In article <1990Sep29.031633.5070@ux1.cso.uiuc.edu> kbesrl@ux1.cso.uiuc.edu (Jim Thompson ) writes:
> castor@embezzle.stanford.edu (Castor Fu) writes:
> 
> >I discovered today, (maybe you did to. . . . ) that the stock 
> >egrep on ultrix 3.1 has a small (256??) limit on it's pattern buffer.

This was something that was broken by attempts to make Ultrix 3.x regular
expression processing 8-bit clean.  It is supposedly fixed in Ultrix 4.0.

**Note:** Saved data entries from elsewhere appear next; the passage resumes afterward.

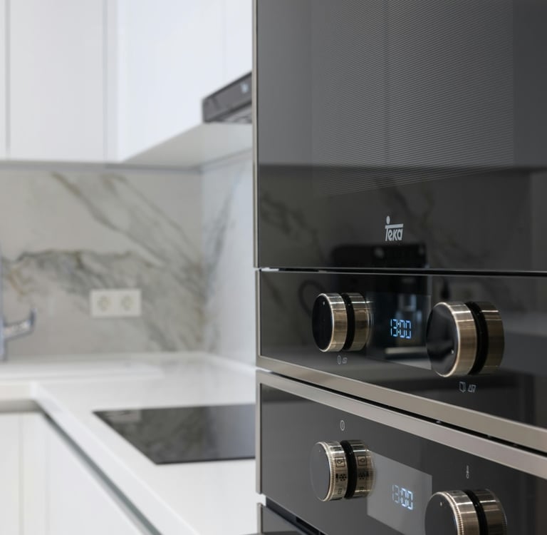 Escolha aparelhos energeticamente eficientes que se adaptem às suas necessidades. Considere integrá-los no design para uma aparência mais limpa.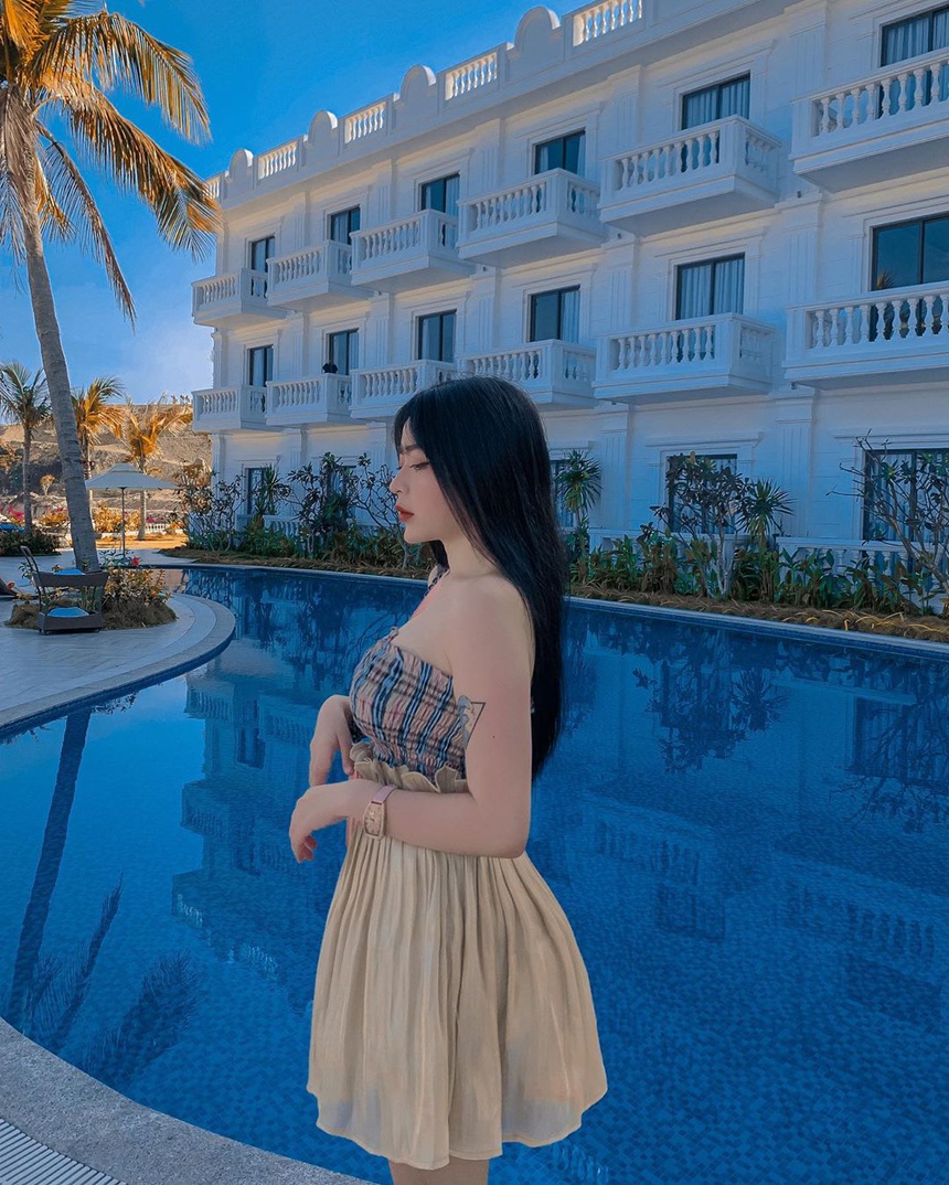 Hà Nguyễn: "thời gian trước là lần đầu mình đến Quy Nhơn và đã nghỉ tại resort này. Mình thích sự riêng tư tại đây, có thể ngắm biển nguyên sơ từ phòng ngủ".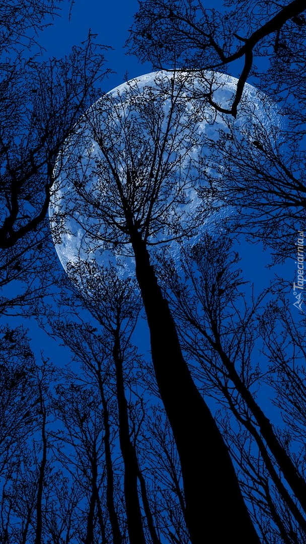 Edytor tapety: Wierzchołki drzew na tle księżyca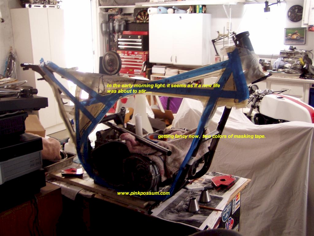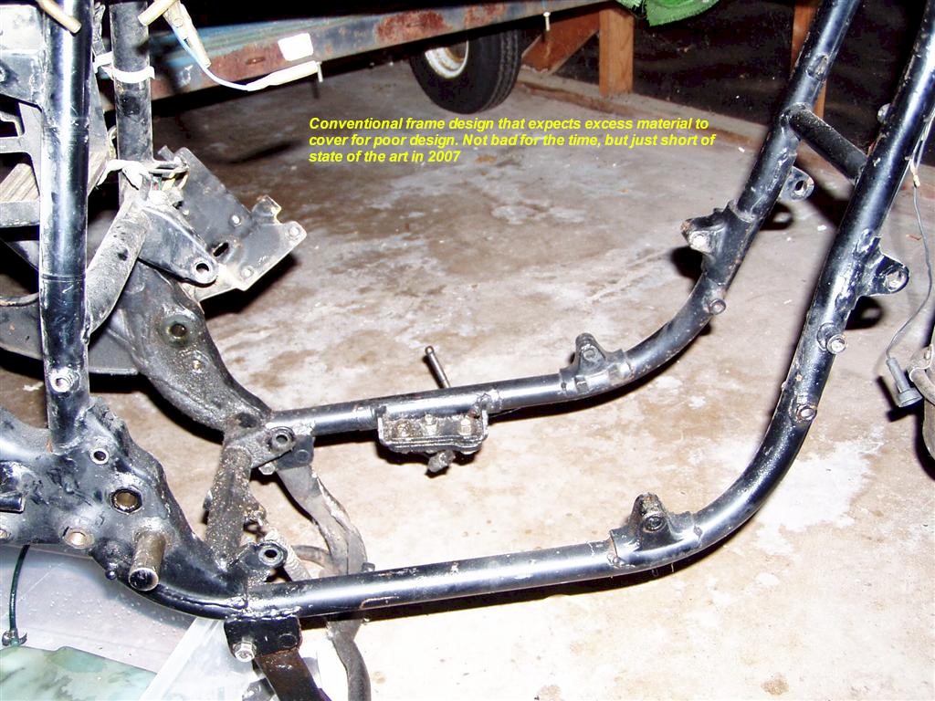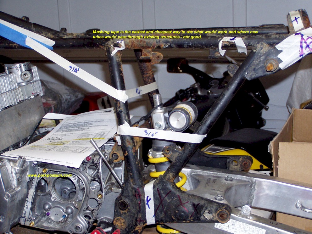 After a roll or two of tape, the shape was starting to appear and so were the solutions to some of the frame design problems. Of course, anyone with a regular brain would have realized that most of this mental exercise was not necessary. Wider rims on stock hubs with a pair of CBR600F2 calipers on CBR600F4 disks, using a stock frame and swingarm, would have been perfectly adequate for the purpose - and probably a whole lot cheaper.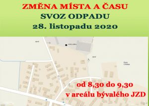 Změna svozu VN odpadu – v návaznosti na epidemii se sběr VNO přesunuje do areálu bývalého JZD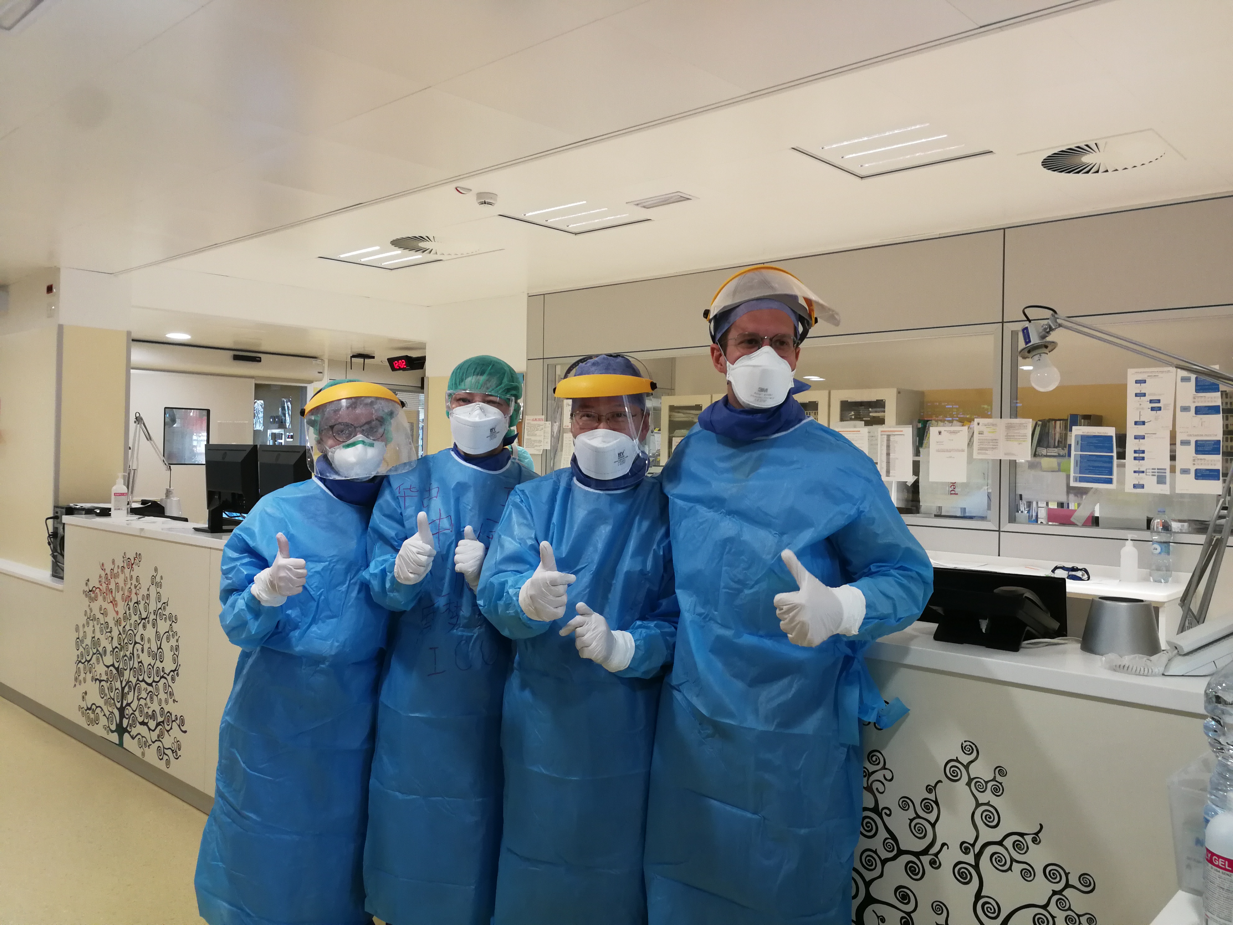 3月18日,在意大利帕多瓦,中國(guó)抗疫醫(yī)療專家組與當(dāng)?shù)蒯t(yī)生合影。中國(guó)抗疫醫(yī)療專家組在帕多瓦開(kāi)展工作,幫助當(dāng)?shù)貞?yīng)對(duì)新冠肺炎疫情。新華社發(fā)(中國(guó)抗疫醫(yī)療專家組供圖)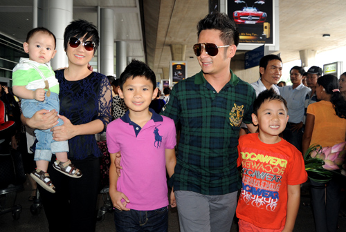 - Anh có thể chia sẻ đôi chút về ba cậu quý tử vừa đẹp trai và láu lỉnh của mình. Có cậu bé nào muốn theo nghiệp ca sĩ như bố mẹ?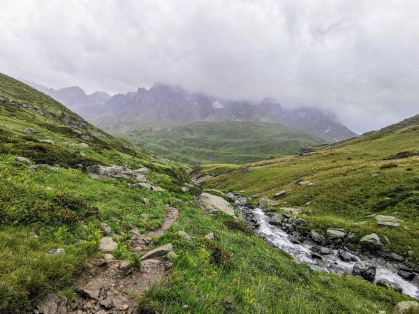 La route depuis Grenoble en passant par la Grave et le col du Grand Galibier est déjà magnifique. Nous sommes directement dans l’ambiance. Malheureusement pour nous aujourd’hui, la météo s’est trompée, et nous passerons l’intégralité du premier jour sous la pluie, jusqu’au planté de tente vers 18h. Heureusement, l’itinéraire est un aller-retour, nous profiterons de la vue le troisième jour. Les photos du Jour 1 de cet article sont donc issues du 3ème jour 😉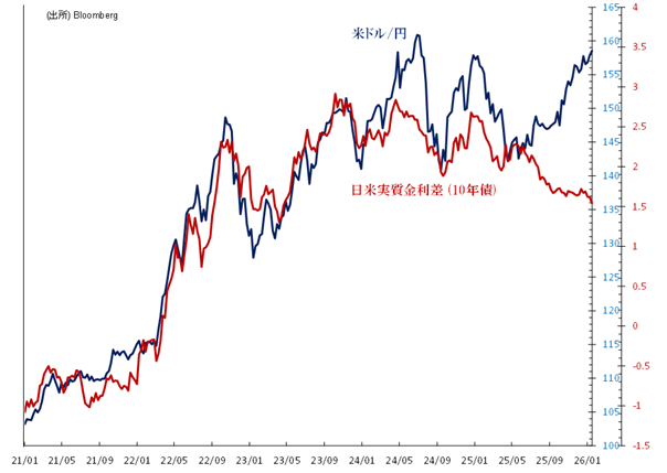 1月14日には一時159.405円と、24年7月以来のドル高・円安水準を付けました。ドル/円は1年ぶりに長期チャネル上限を超えましたが、これは「スローオーバー」とみることができます。併せて足元水準は、24年の円買い介入ゾーン(157円~161円)内にあります。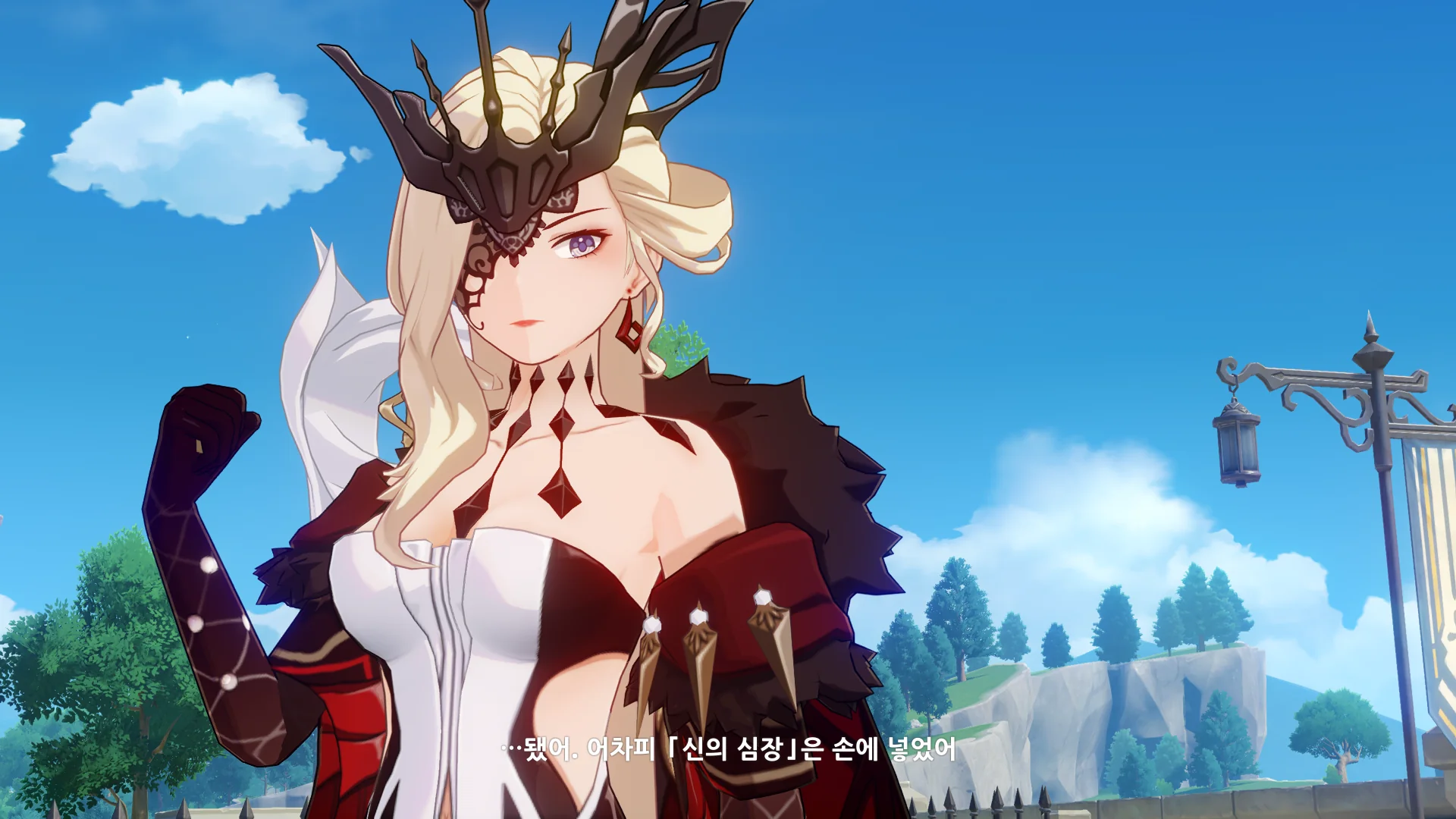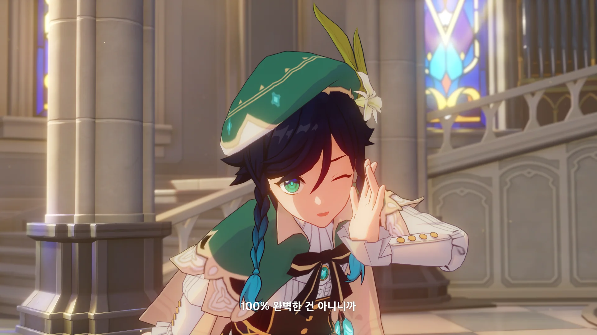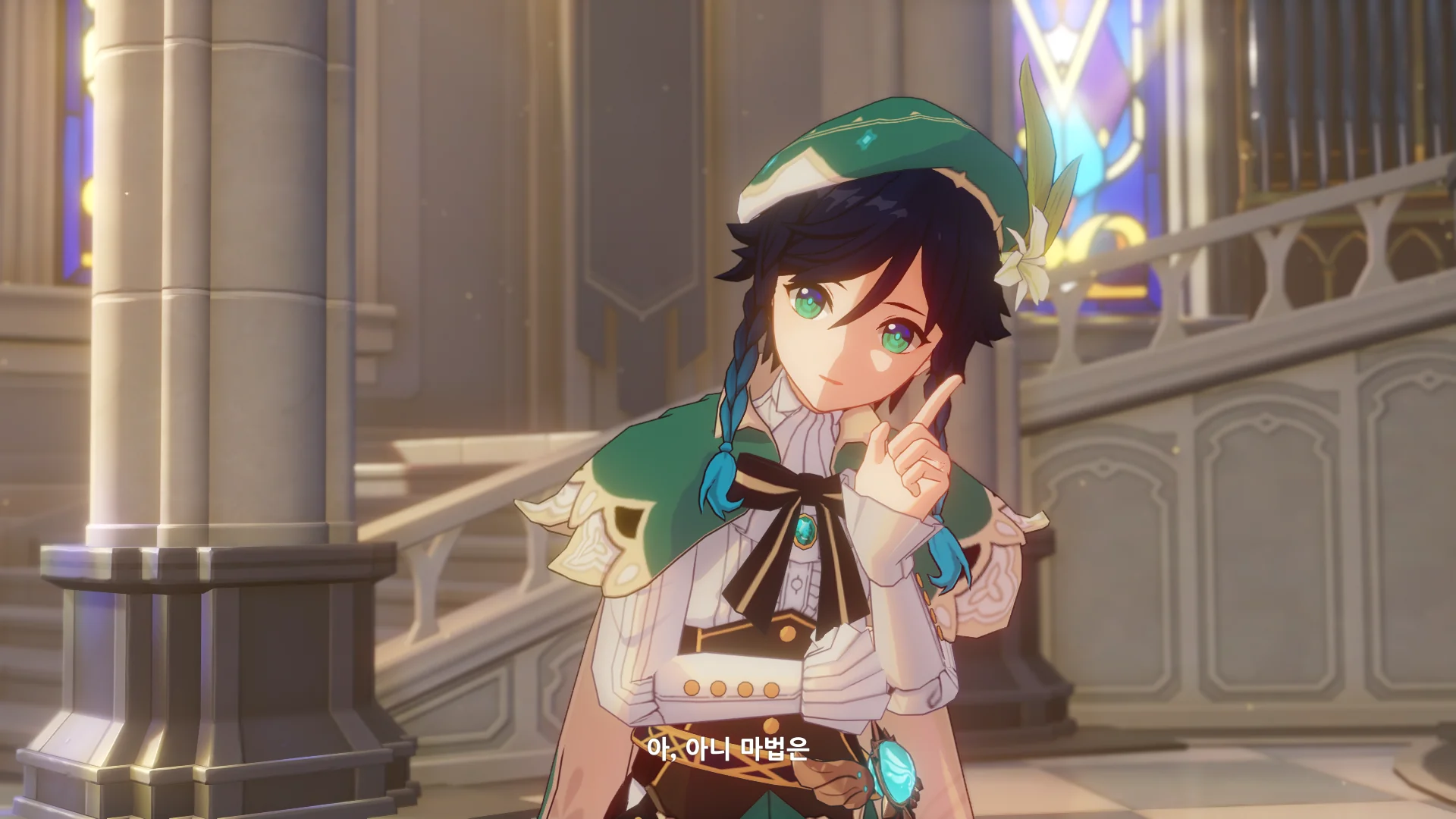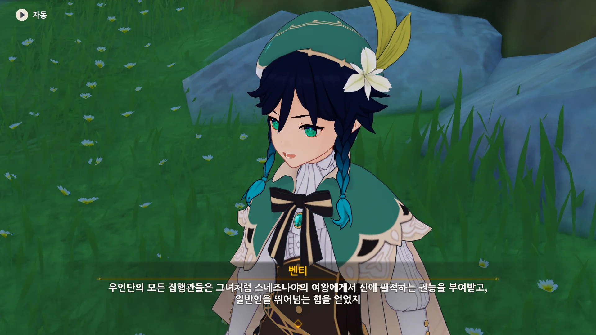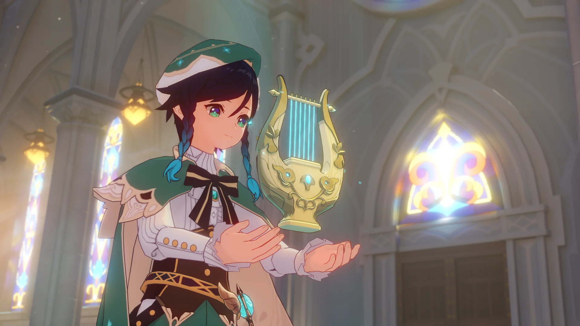 그걸 본 벤티가 한숨을 내쉬더니, 천공의 하프를 받아 들고, 다시 원래대로 돌려놓는다.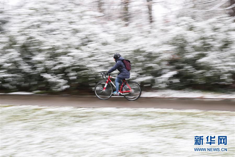 3月30日,在德国首都柏林的一个公园内,一名女子在雪中骑车。 当日,已是初春的德国柏林迎来一场较大规模的降雪。 新华社记者 单宇琦 摄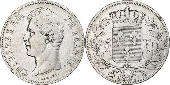 | | France, Louis-Philippe, 5 Francs, 1827, Rouen, Silver, , Gadoury:644 | | | Head to the left., Crowned shield within an olive wreath., Cleaned. | | FEATURES |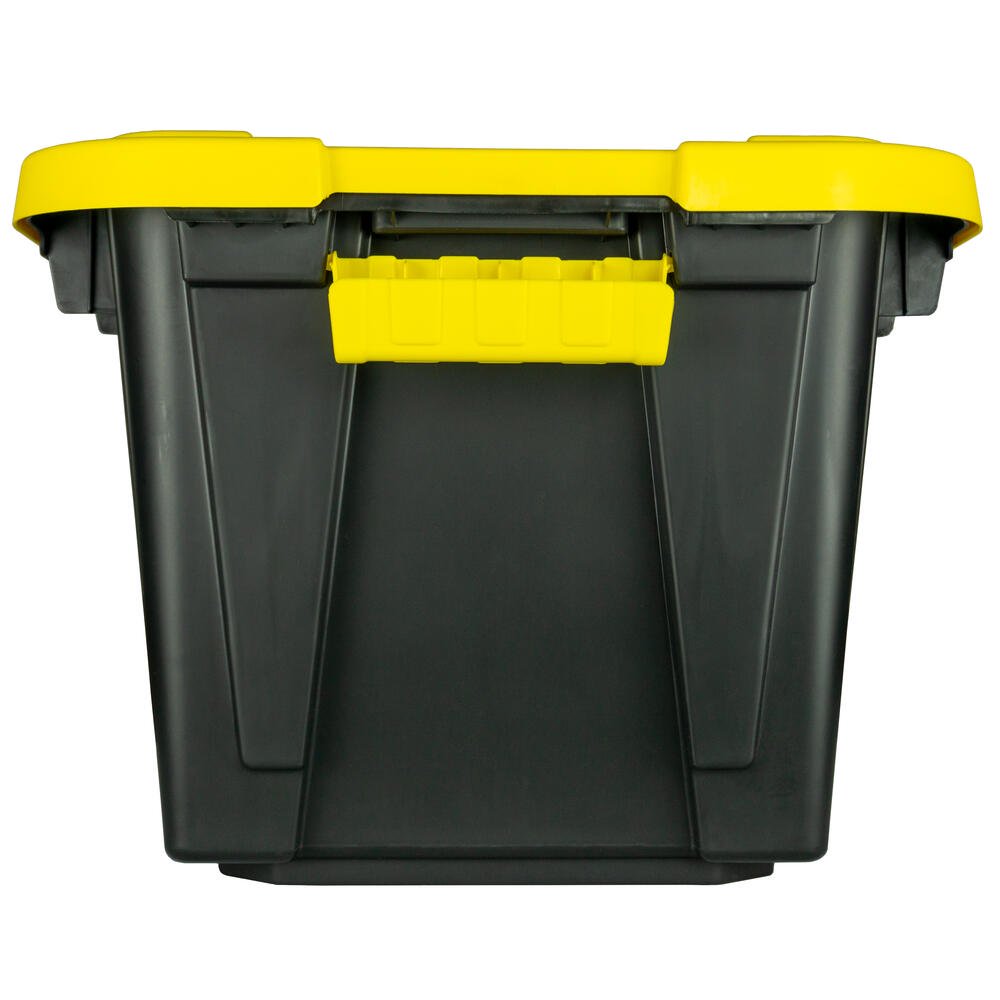 Juggernaut Storage 12 Gal. Plastic Storage Tote. Black Bottom and Yellow Snap Lid (6 pk.)

I don't know if a patch was ever made available for Ultrix 3.x.

-- 
George Robbins - now working for,     uucp:   {uunet|pyramid|rutgers}!cbmvax!grr
but no way officially representing:   domain: grr@cbmvax.commodore.com
Commodore, Engineering Department     phone:  215-431-9349 (only by moonlite)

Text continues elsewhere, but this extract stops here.